(Assignment) After locating the line with "Щепа декоративная (Желтая, линия" in the entries below, output it and each following line up to and including the line with "In de Alstom", exactly and without pictures.

====== Input records ======

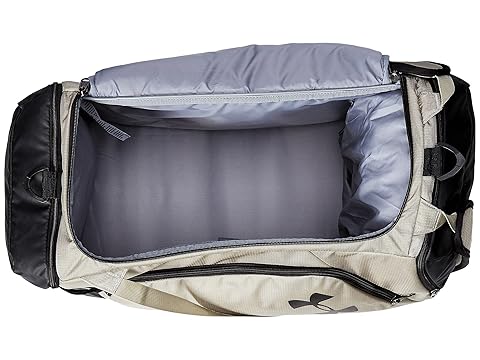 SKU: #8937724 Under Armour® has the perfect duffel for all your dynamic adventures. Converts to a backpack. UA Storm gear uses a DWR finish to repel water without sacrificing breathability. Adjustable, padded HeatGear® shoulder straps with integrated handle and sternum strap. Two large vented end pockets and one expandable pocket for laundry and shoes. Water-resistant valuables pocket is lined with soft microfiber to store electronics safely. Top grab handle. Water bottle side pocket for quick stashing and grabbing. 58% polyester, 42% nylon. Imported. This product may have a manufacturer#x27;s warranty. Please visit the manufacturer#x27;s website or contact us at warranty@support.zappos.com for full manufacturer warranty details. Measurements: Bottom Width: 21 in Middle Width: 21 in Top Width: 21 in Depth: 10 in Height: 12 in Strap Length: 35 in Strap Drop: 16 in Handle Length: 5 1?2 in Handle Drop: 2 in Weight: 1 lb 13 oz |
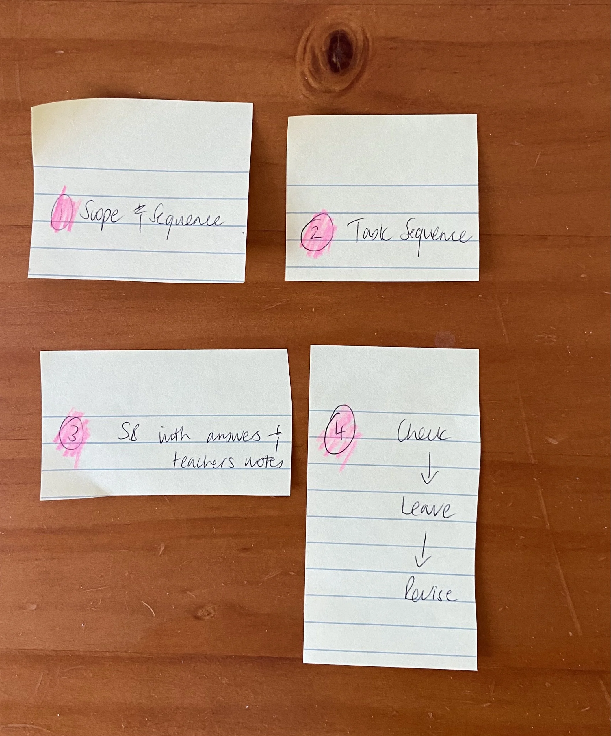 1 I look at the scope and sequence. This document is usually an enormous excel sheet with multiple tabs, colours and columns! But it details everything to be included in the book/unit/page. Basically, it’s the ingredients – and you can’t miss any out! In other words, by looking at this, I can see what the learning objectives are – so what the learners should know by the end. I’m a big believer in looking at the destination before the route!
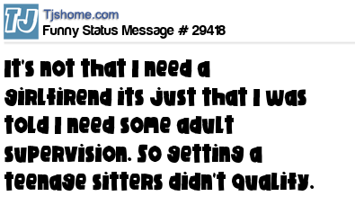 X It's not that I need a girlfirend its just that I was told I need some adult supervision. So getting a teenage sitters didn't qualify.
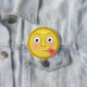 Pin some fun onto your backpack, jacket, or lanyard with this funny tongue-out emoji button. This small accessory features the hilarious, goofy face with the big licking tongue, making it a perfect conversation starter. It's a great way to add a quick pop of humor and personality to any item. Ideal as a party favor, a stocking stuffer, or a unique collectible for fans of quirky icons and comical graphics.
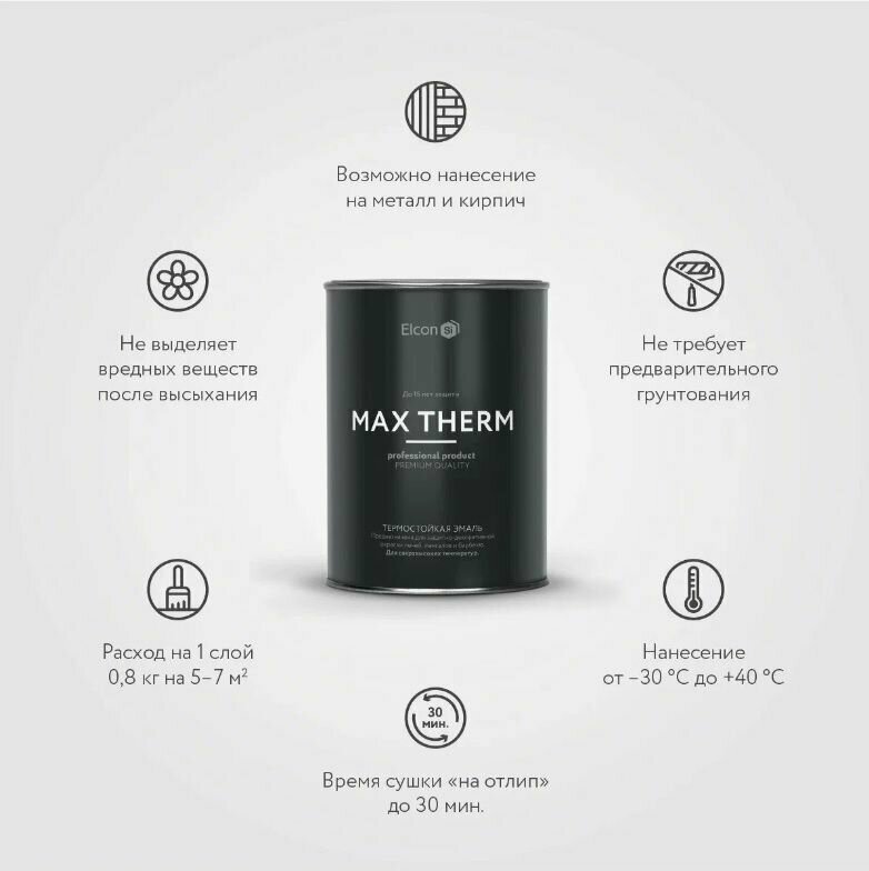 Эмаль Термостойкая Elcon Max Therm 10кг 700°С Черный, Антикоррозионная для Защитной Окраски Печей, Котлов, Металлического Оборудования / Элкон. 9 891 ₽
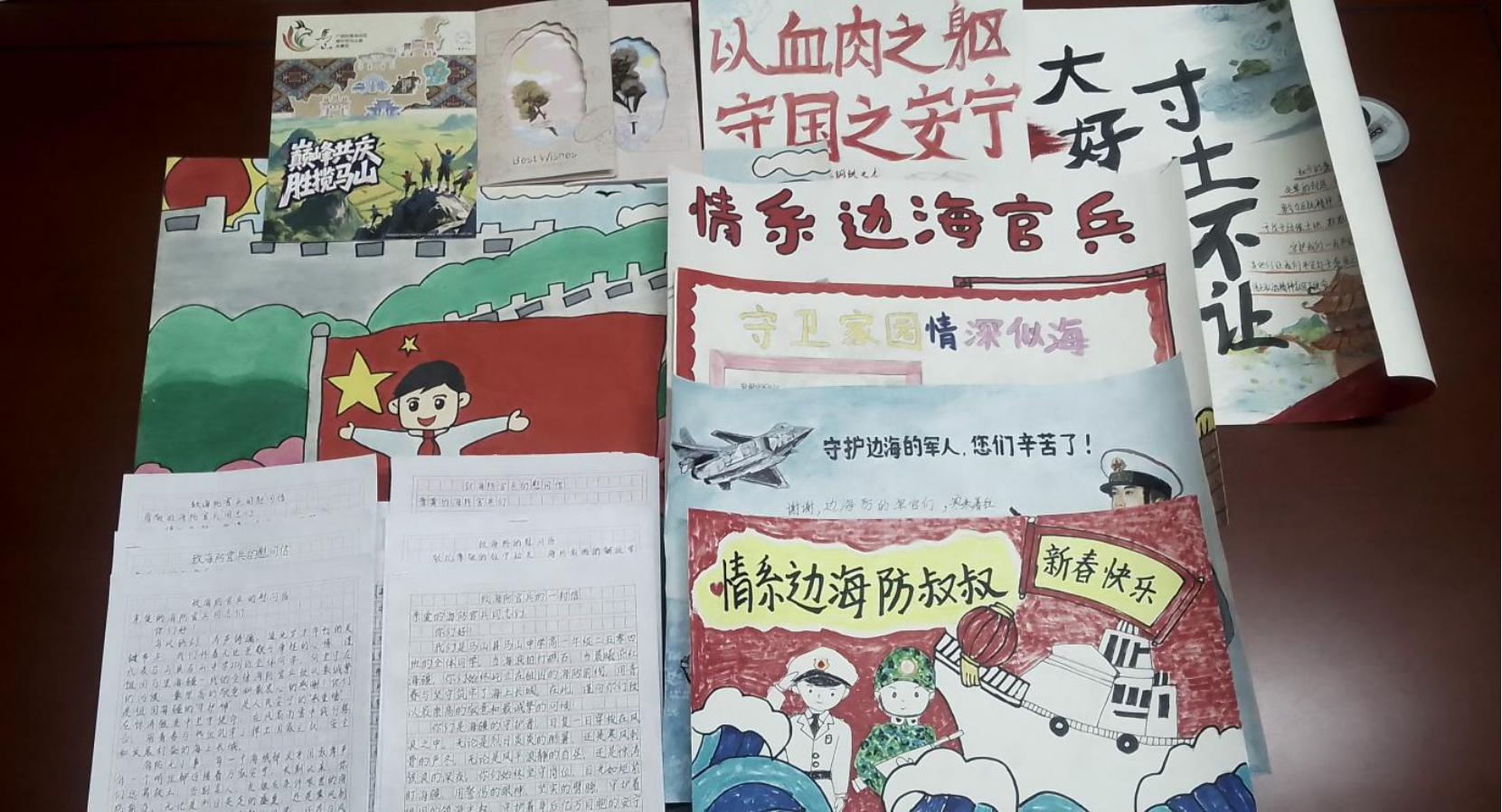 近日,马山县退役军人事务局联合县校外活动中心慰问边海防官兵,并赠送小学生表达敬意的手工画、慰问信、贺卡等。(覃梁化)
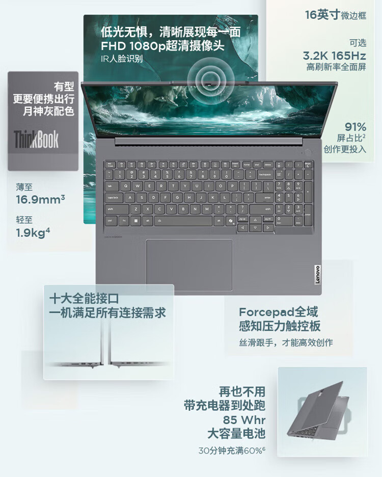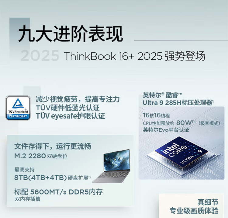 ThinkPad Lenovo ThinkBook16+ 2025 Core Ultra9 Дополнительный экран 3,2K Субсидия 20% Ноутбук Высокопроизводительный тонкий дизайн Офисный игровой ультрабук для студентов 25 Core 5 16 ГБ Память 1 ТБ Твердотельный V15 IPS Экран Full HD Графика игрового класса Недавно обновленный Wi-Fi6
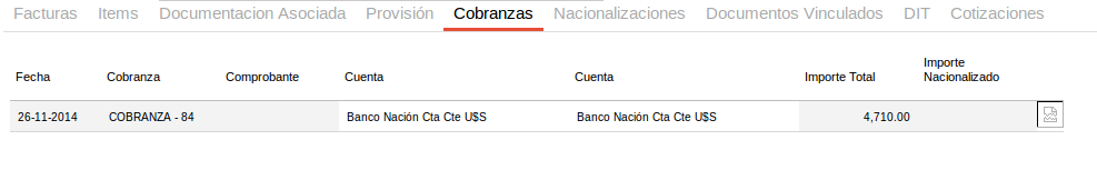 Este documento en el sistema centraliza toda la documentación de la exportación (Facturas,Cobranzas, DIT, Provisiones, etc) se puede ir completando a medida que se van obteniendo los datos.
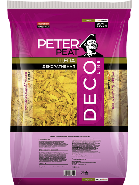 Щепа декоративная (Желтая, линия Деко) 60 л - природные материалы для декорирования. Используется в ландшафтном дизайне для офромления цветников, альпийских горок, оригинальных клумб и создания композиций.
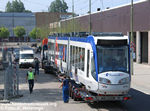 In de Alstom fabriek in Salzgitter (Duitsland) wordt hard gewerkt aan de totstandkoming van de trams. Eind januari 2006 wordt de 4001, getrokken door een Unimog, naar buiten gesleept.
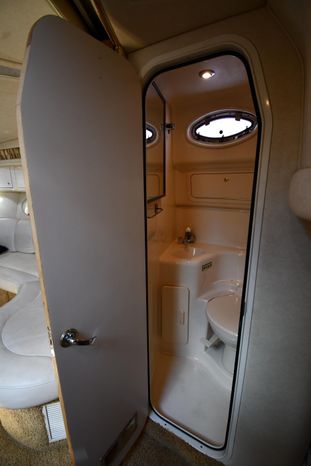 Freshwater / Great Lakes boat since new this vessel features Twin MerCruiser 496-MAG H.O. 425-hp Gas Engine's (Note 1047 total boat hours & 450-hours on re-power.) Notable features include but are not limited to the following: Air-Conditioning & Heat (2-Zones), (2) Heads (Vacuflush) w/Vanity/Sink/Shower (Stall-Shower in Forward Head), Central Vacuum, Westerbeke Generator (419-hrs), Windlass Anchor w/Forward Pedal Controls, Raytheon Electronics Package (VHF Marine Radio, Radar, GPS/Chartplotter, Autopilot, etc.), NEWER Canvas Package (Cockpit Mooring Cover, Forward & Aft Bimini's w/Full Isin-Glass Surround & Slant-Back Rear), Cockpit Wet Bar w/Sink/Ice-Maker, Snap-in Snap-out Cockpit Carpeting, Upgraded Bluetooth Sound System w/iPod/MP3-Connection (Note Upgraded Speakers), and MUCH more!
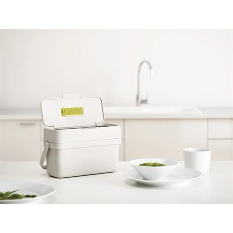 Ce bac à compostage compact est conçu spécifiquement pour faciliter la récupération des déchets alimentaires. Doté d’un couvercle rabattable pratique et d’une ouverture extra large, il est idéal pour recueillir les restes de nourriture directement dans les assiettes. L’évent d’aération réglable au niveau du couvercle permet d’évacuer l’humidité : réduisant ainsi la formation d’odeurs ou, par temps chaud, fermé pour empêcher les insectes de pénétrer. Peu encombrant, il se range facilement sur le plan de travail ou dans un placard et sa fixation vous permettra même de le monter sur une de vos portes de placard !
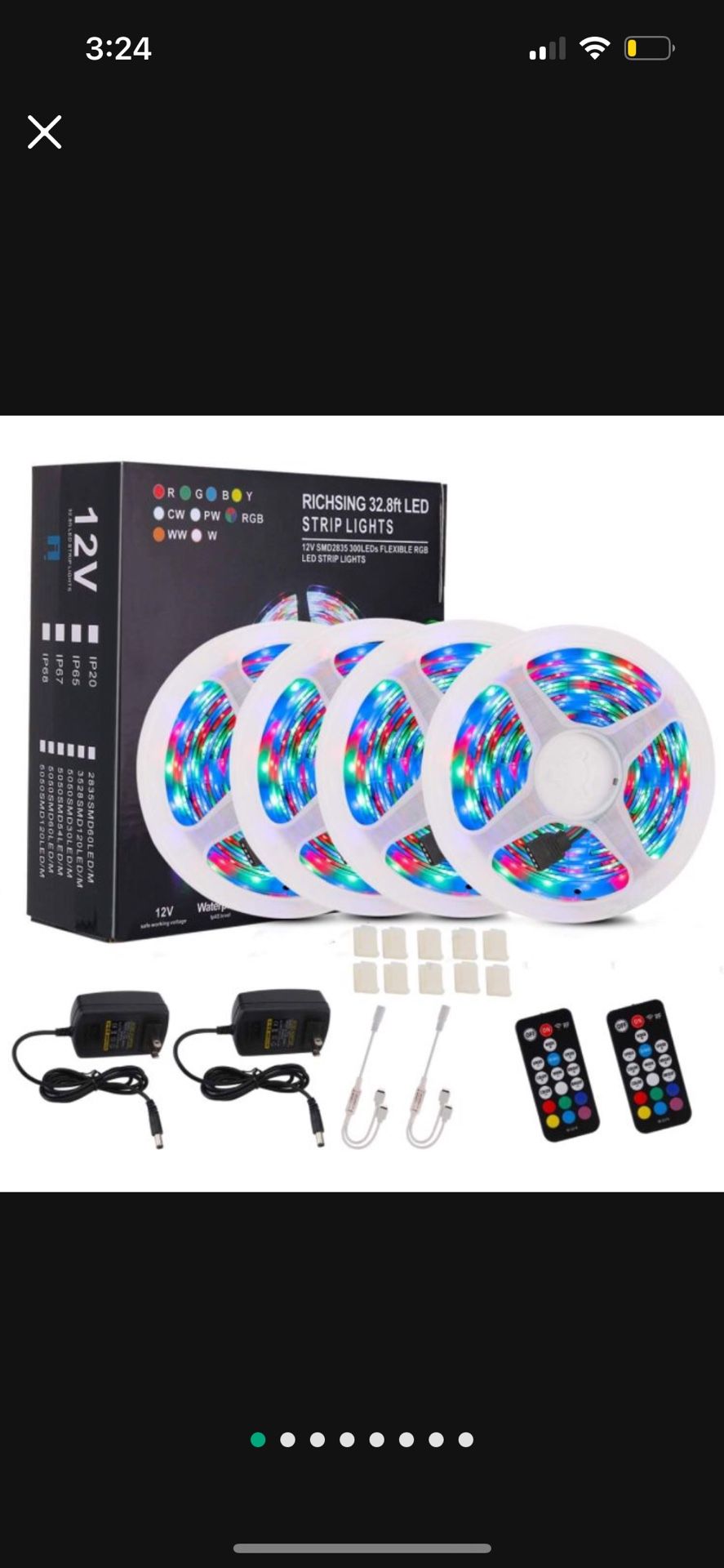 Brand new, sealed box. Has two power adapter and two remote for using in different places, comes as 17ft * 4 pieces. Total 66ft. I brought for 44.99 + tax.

======

(Solution to the exercise)
 Щепа декоративная (Желтая, линия Деко) 60 л - природные материалы для декорирования. Используется в ландшафтном дизайне для офромления цветников, альпийских горок, оригинальных клумб и создания композиций.
 In de Alstom fabriek in Salzgitter (Duitsland) wordt hard gewerkt aan de totstandkoming van de trams. Eind januari 2006 wordt de 4001, getrokken door een Unimog, naar buiten gesleept.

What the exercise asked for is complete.